(SUPPLIED INFORMATION begins)

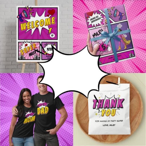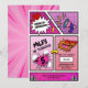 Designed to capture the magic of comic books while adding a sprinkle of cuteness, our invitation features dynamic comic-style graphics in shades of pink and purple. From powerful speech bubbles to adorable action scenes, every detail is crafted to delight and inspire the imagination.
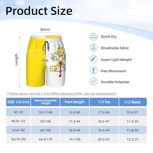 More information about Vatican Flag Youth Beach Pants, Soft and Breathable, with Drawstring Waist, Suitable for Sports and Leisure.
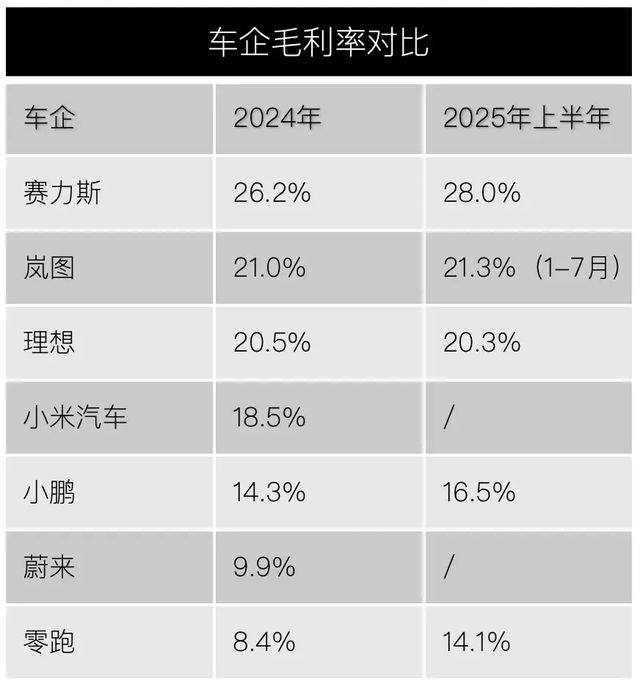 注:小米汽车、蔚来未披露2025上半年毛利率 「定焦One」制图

(SUPPLIED INFORMATION ends)

### PROBLEM REQUIREMENTS
Leave out the pictures and repeat the remaining data exactly.

### SOLUTION TO THIS EXERCISE
 Designed to capture the magic of comic books while adding a sprinkle of cuteness, our invitation features dynamic comic-style graphics in shades of pink and purple. From powerful speech bubbles to adorable action scenes, every detail is crafted to delight and inspire the imagination.
 More information about Vatican Flag Youth Beach Pants, Soft and Breathable, with Drawstring Waist, Suitable for Sports and Leisure.
 注:小米汽车、蔚来未披露2025上半年毛利率 「定焦One」制图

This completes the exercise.